After a few moments, the good news came over the line: "The University of Minnesota has a possible recipient. Please dial the following number . . ."

Because of that short telephone conversation, Weber was able to locate a child in Minnesota who needed a liver-transplant operation. Even more remarkable, however, is the fact that the operator who took Weber's call was a machine. In fact, the NATCO alert line is run entirely by a computer that can both talk and listen.

Automatic speech recognition, the technology that enables computers to respond to spoken commands, is old hat to fictional electronic brains like HAL in 2001: A Space Odyssey, but still a primitive art in the real world. Computers are not yet discerning enough to cope with the ambiguities of spoken language or with a wide range of accents and tonal qualities. Making sense out of human discourse, says Dataquest Analyst Kenneth Lim, "is quite possibly the most difficult thing for a computer to do, other than actually thinking."

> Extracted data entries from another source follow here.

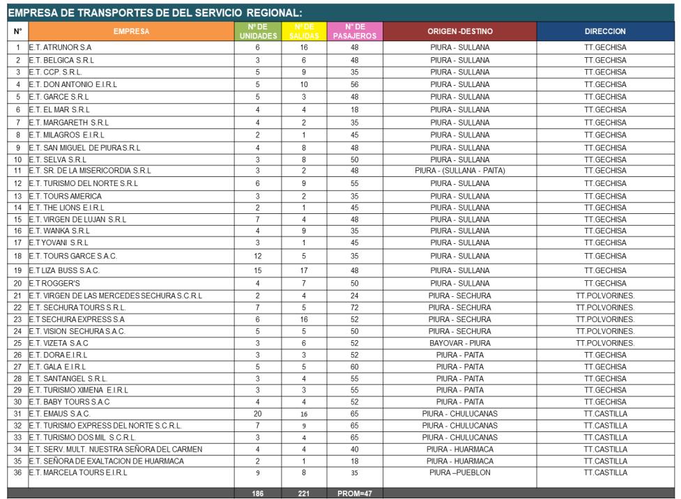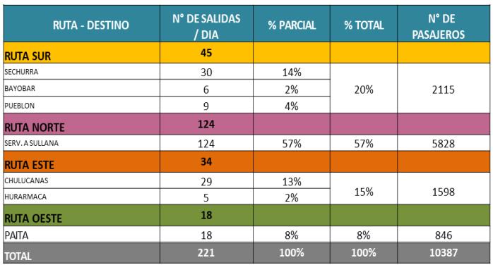 Son diversos los destinos de servicio Regional donde las salidas son hacia el norte, sur, este y oeste. Teniendo una mayor demanda las salidas en servicio hacia el Norte con destino a Sullana. Y, en segundo lugar, la ruta sur con destino hacia Sechura.
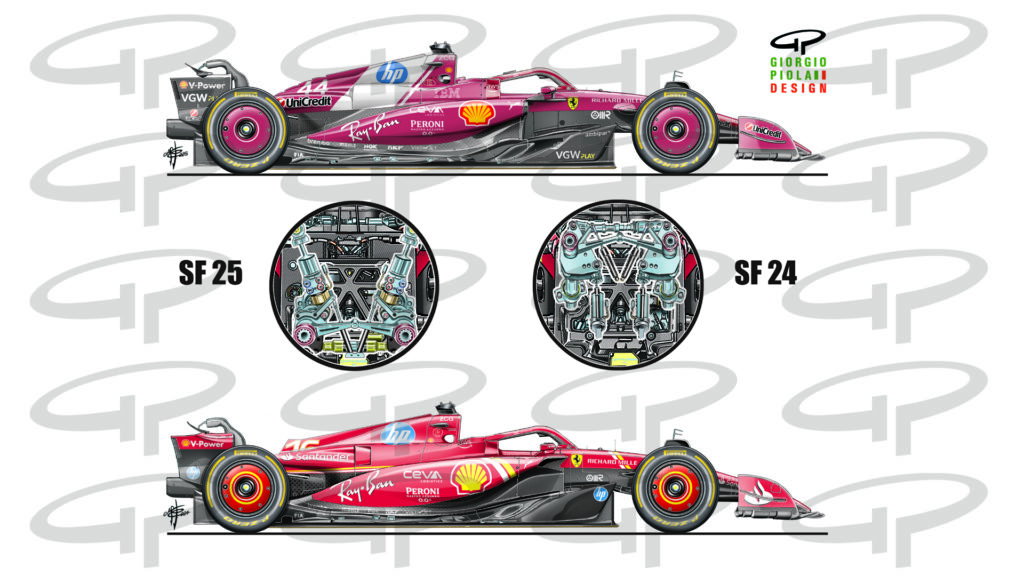 The big news in the SF 25 is the return to the pull rod front suspension instead of push rod, introduced by the Maranello-based company in 2012, abandoned in 2019…
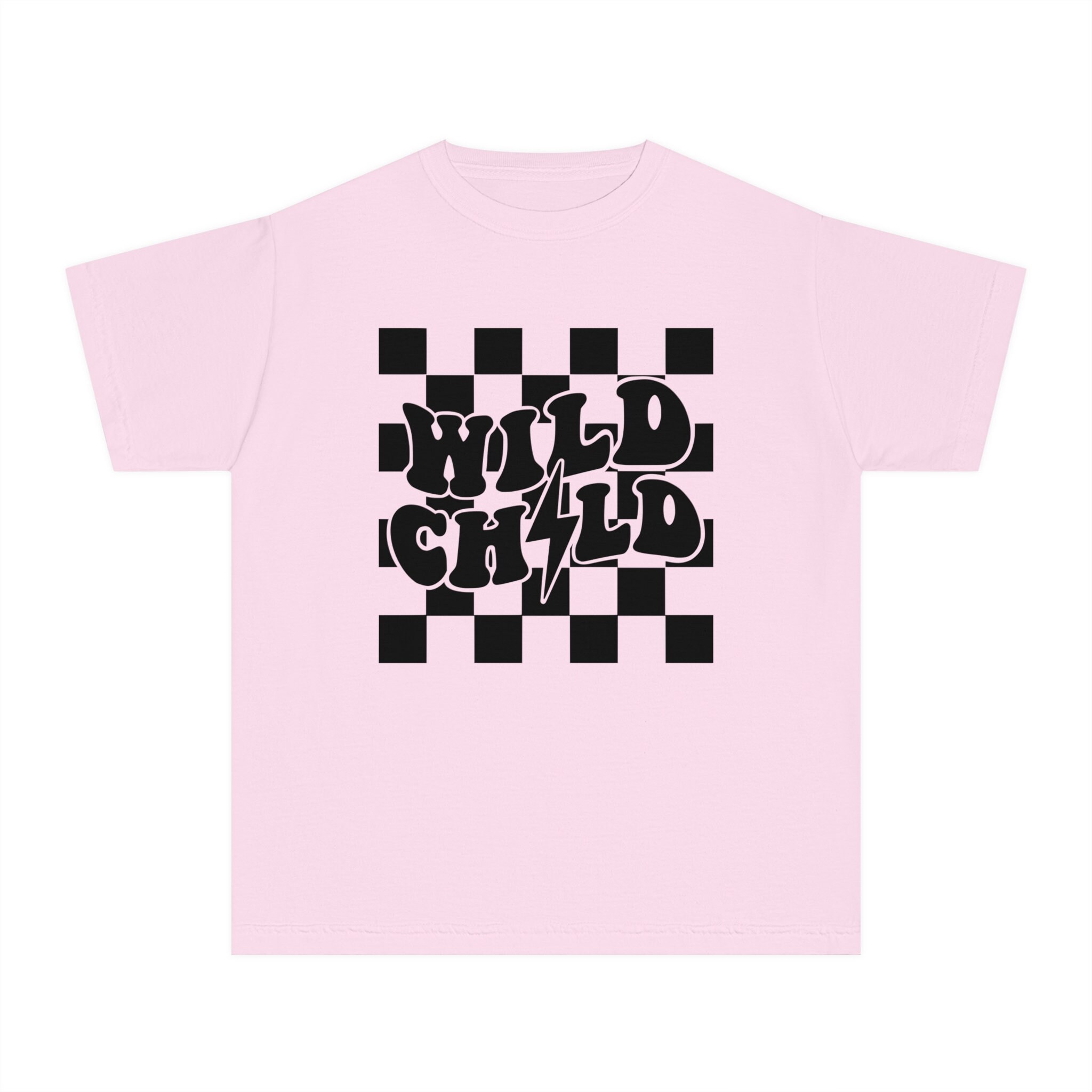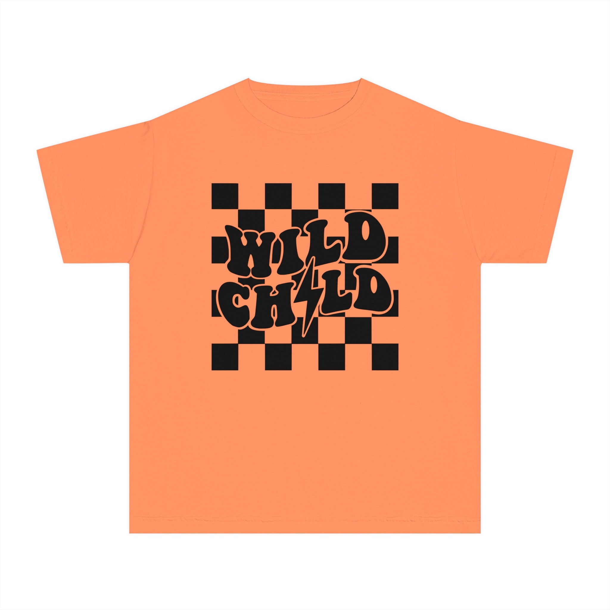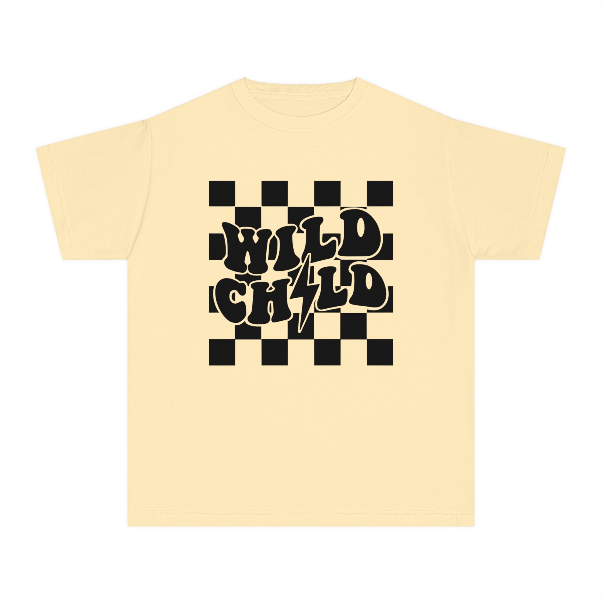 Retro Wild Child Youth Midweight Tee, Retro Checkered Youth Shirt, Wild Child Shirt
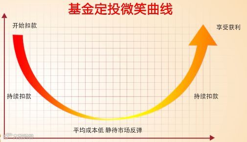 投资者在市场上开始定投,待股市走出一段先下跌后回升的过程之后,在上涨到火力点时赎回,然后把这一段“开始-亏损-收益-赎回收获”的收益率连成一条线,这段弧线就构成了微笑曲线。
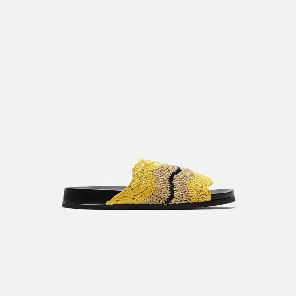 Slide SilhouetteRound ToeOpen Toe Wide Raffia BandLeather FootbedRubber Outsole Style: Fbmr002601P5495Zo540Color: Sun / …
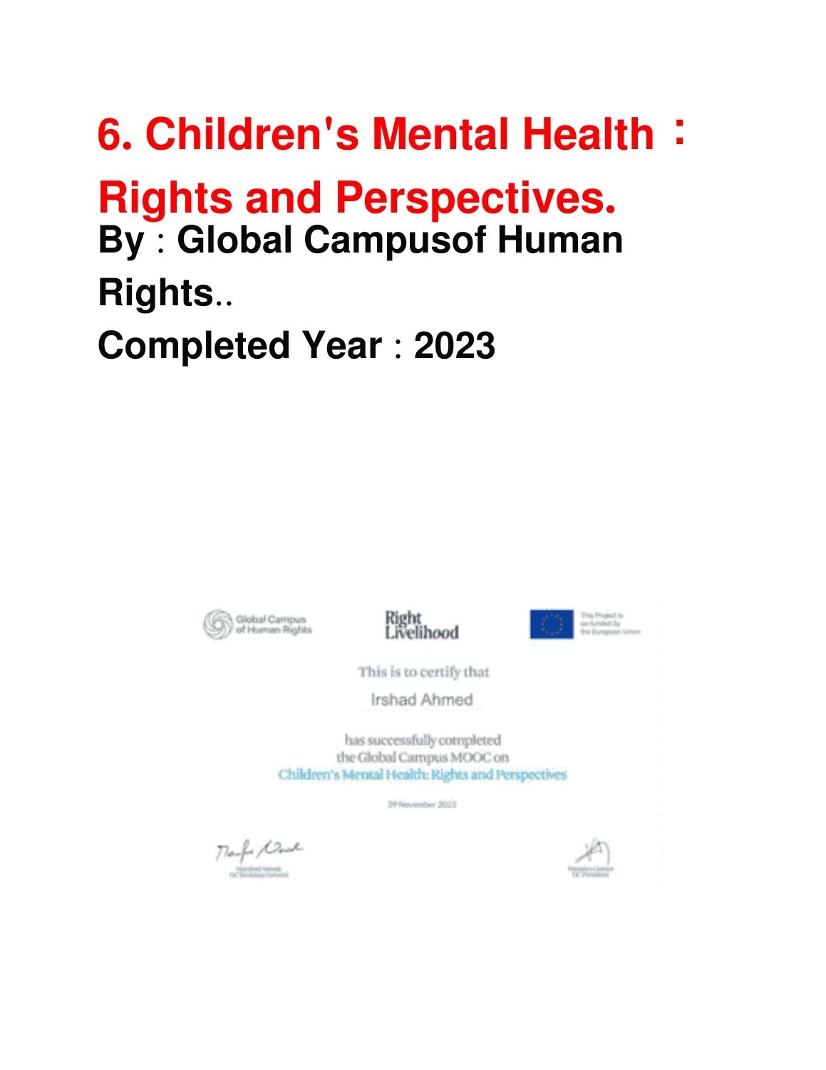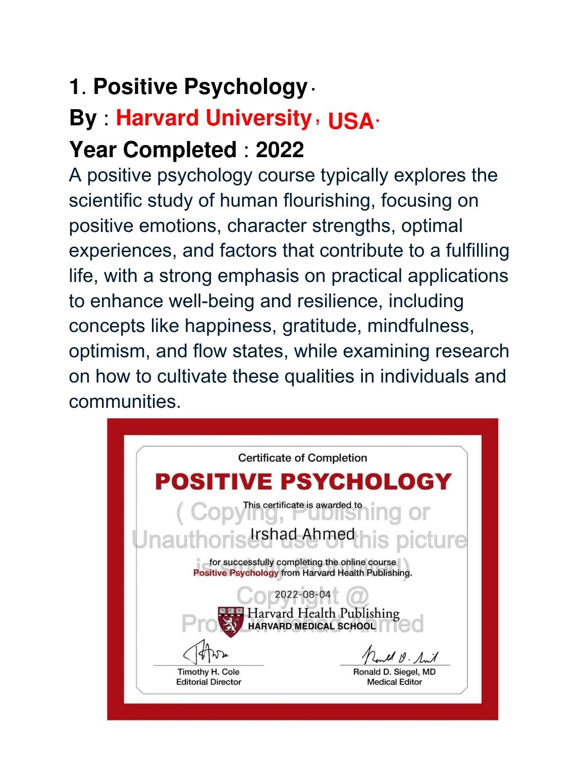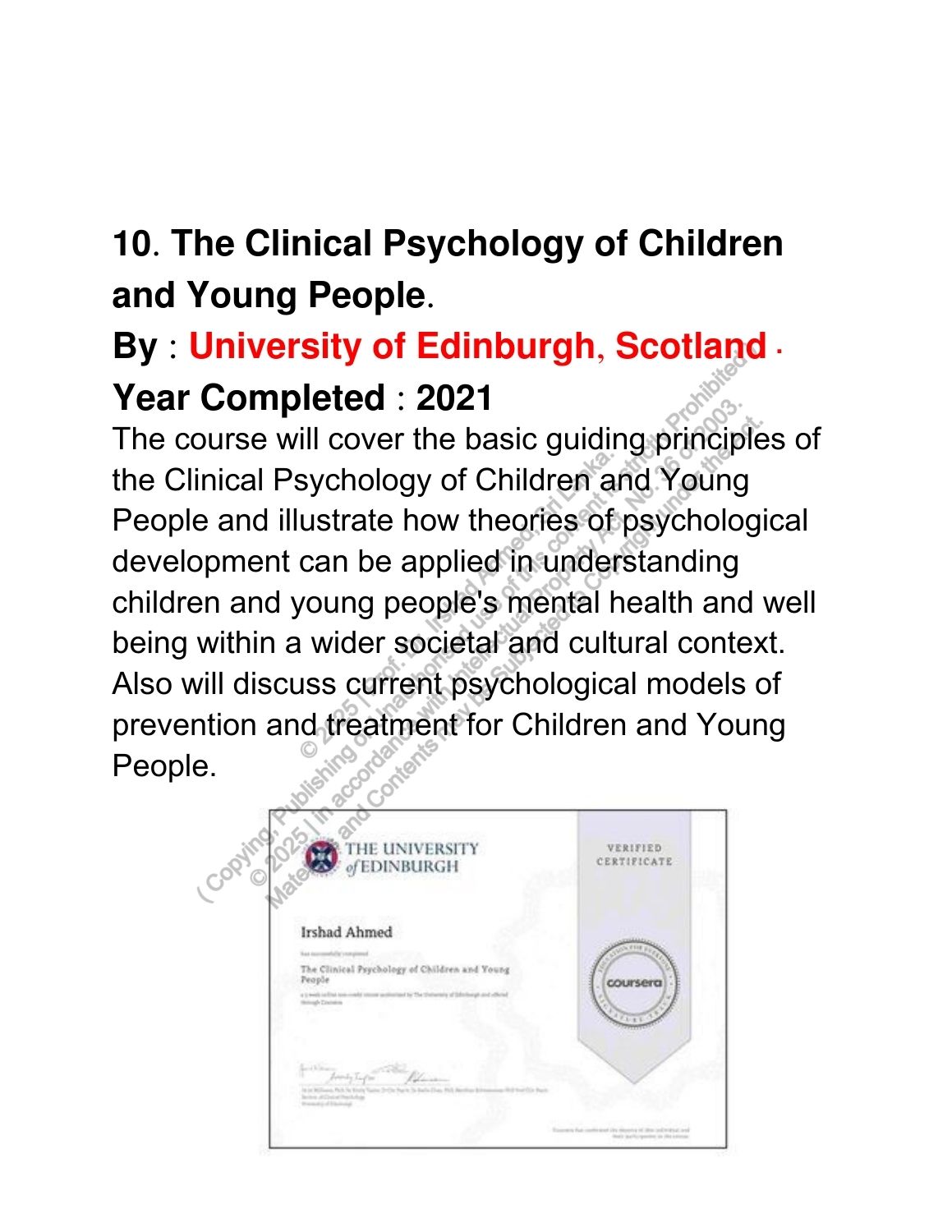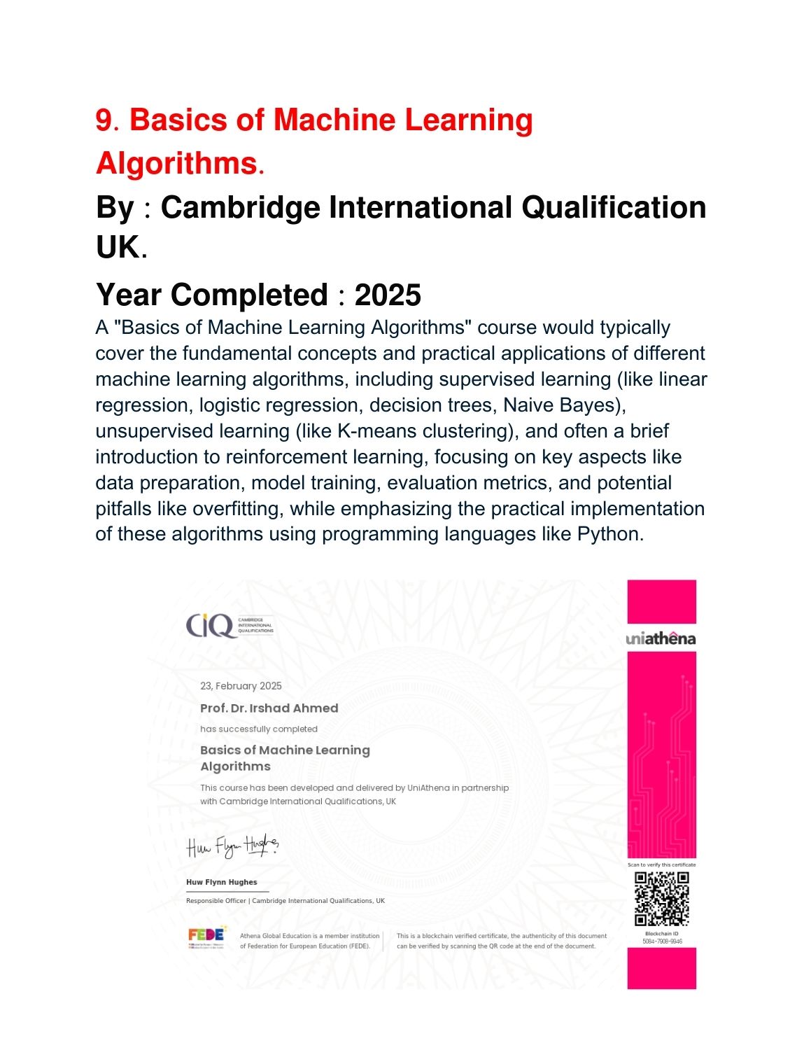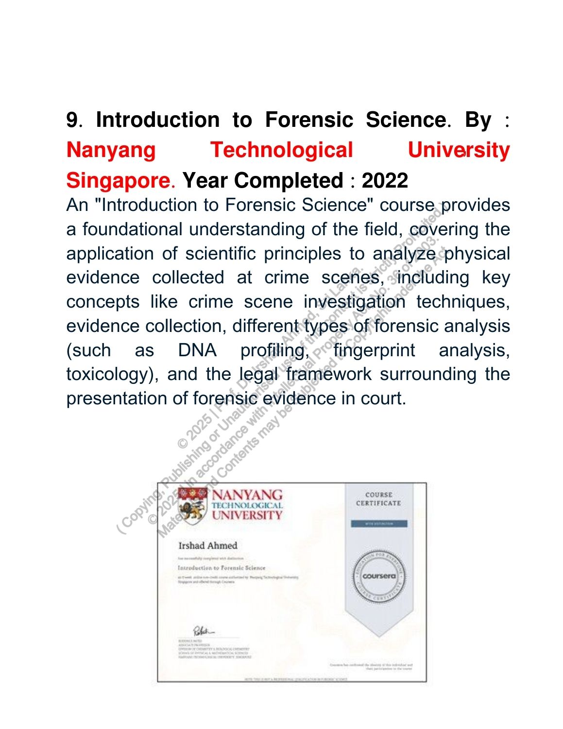 Completed Courses

But computers, and their designers, are rising to the challenge. Hundreds of office and factory workers are already using simple voice-control computer systems to do everything from dialing telephones to controlling assembly lines. At Chicago's O'Hare Airport, for example, United Airlines baggage handlers call out the names of airports as they toss suitcases on a computer- driven conveyor belt. A voice-recognition system, responding to their commands, dumps each piece of luggage into a tray marked for the appropriate airport and sends it rolling toward its destination.

At California's Edwards Air Force Base, a more sophisticated system is being readied for use by test pilots who this fall will fly F-16 jets with voice- control equipment through simulated air and ground attacks. Rather than punching keys and flipping switches, pilots will bark out orders like "Arm the missiles!" Computers will then do the work, leaving the airmen free to concentrate on their targets.

Detroit, which has been producing talking cars for several years ("Your fuel is low"), is now testing models that listen. Several automakers have built experimental cars equipped with voice-activated door locks, starters and windshield wipers. Says Jerry Rivard, a chief engineer at Ford: "The technology is here today."

Less complex versions of that technology have begun to show up at electronics stores. Adventurous consumers can purchase voice-controlled personal computers, speech-activated video games, even videotape-editing machines that understand commands like "cut" and "splice."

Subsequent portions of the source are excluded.